Note on the material below: return exactly the lines from the line that holds "Melihat Green House" through the line that holds "Mayfield Premium Machine", and leave out each picture.

• [The input]
* * * * *

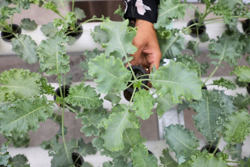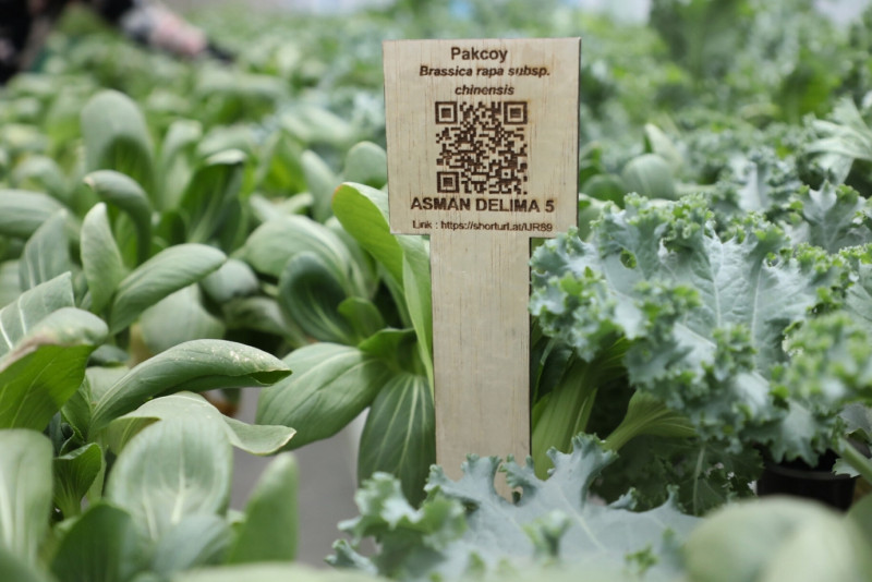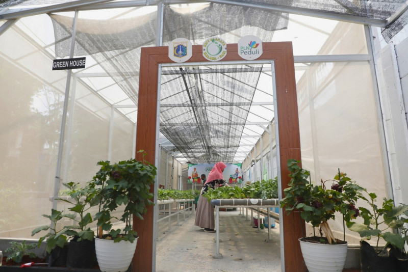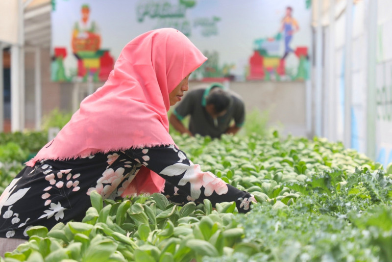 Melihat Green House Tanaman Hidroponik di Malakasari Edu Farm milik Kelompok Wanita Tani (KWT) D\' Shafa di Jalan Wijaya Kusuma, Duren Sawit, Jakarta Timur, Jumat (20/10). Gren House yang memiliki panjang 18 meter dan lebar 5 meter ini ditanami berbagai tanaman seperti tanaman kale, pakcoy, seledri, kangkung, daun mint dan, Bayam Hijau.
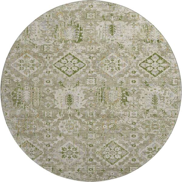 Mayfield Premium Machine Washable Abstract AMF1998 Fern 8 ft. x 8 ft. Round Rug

* * * * *

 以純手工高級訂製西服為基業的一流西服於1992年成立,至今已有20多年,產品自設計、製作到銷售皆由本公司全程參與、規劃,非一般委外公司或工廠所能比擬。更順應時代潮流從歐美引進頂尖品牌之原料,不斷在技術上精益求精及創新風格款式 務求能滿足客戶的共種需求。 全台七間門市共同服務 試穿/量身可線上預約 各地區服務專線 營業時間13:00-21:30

* * * * *

• [Result of the exercise]
 Melihat Green House Tanaman Hidroponik di Malakasari Edu Farm milik Kelompok Wanita Tani (KWT) D\' Shafa di Jalan Wijaya Kusuma, Duren Sawit, Jakarta Timur, Jumat (20/10). Gren House yang memiliki panjang 18 meter dan lebar 5 meter ini ditanami berbagai tanaman seperti tanaman kale, pakcoy, seledri, kangkung, daun mint dan, Bayam Hijau.
 Mayfield Premium Machine Washable Abstract AMF1998 Fern 8 ft. x 8 ft. Round Rug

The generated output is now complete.